I suspect that even if i call await self.thread_frame 1 or 2 frames before posting the semaphore and/or unlocking the mutex for the signal to be emitted, there is still a chance that await self.thread_frame will not "complete" its call. by "completion" I mean the point where the await call is actually waiting and won't dismiss the signal when it is emitted.

There's no way to track the completion of an await call so threadsafety for awaiting upon a signal within another thread is ultimately impossible.😭

There'd need to be a feature dedicated to this, like a signal that is emitted when all the await calls in the engine are settled or a way to make calls after an await call like await awaitsignal : also_call_this_function_after().
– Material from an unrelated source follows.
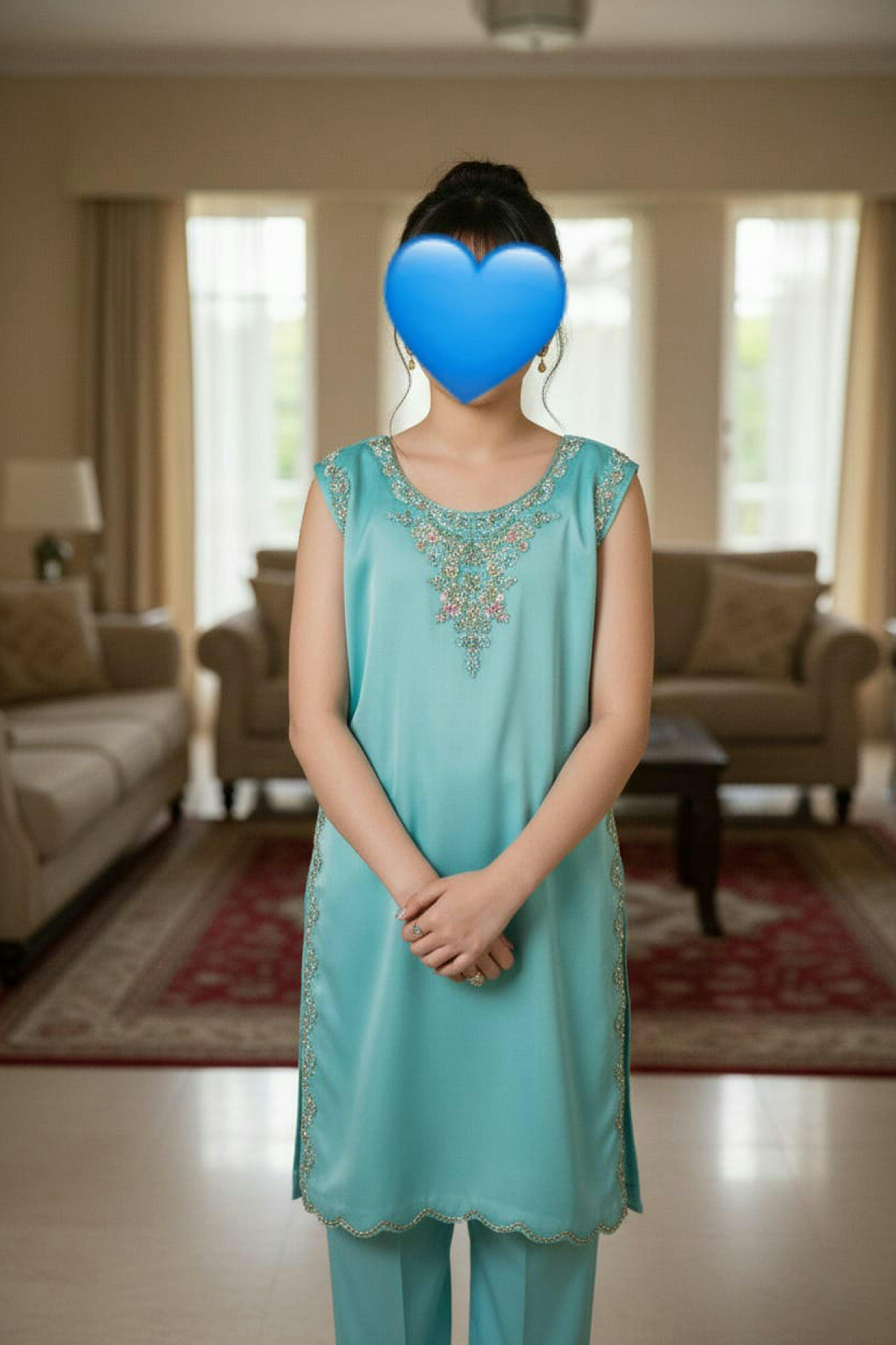 An elegant turquoise Korean silk shirt embellished with original pearls in off-white and deep turquoise tones. The pearls beautifully outline the neckline in a subtle V-shape, extend across the armholes, and trace delicate scallops along the shirt sides and daaman. The back neckline also features refined pearl adda work, adding an understated touch of elegance.

KnightNine commented 2 months ago

@RadiantUwU OK NEVERMIND, I tried using my own logger program (which writes to a file) to see why it was crashing (since adding print calls, modifying the range() value, or changing what was added to the label drastically changed the frequency of the crashes.) and I found that it was actually deadlocking when awaiting on the process_frame to re-merge into the main thread and had nothing to do with the await self.thread_frame. I was completely incorrect.😔

I don't want to celebrate too early but this seems to work reliably now! Cleaned up the code and removed what was unnecessary:

#optional label to show thread progress without std_out
@onready var label = get_node("RichTextLabel")

var thread = Thread.new()
var semaphore = Semaphore.new()
var thread_active = true
signal thread_frame()
signal thread_finished()

var semaphore_counter = 0
var process_mut = Mutex.new()

signal re_merge_process_frame()
func _process(delta):

    if awaiting_process_frame:
        process_mut.lock()
        emit_signal("re_merge_process_frame")
        process_mut.unlock()

func thread_process():
    Thread.set_thread_safety_checks_enabled(false)
    while thread_active:
        semaphore_counter+=1
        semaphore.wait()

        emit_signal("thread_frame")

func reattach_to_thread():
    var id = thread.get_id()
    #if not already in thread
    if OS.get_thread_caller_id() != int(id):

        call_deferred("delayed_unlocker")
        #this merges/hooks the function into the thread (awaiting on anything adds the code being run to whatever thread is being awaited on)
        await self.thread_frame

    else:
        pass

var awaiting_process_frame = false
func safe_merge_with_main_thread():
    process_mut.lock()
    awaiting_process_frame = true
    #can't await on process frame here so call_deferred_thread_group() is used instead
    call_deferred_thread_group("delayed_unlocker2")
    await re_merge_process_frame
    awaiting_process_frame = false

#delayed unlockers make their call after the await call.
func delayed_unlocker():
    #on semaphore.post(), the thread is "released" to emit a signal
    semaphore_counter -= 1
    semaphore.post()

func delayed_unlocker2():
    process_mut.unlock()

Two major changes are that I found a use for call_deferred_thread_group() and the other is that I needed to use an alternate signal to hook back into the main thread.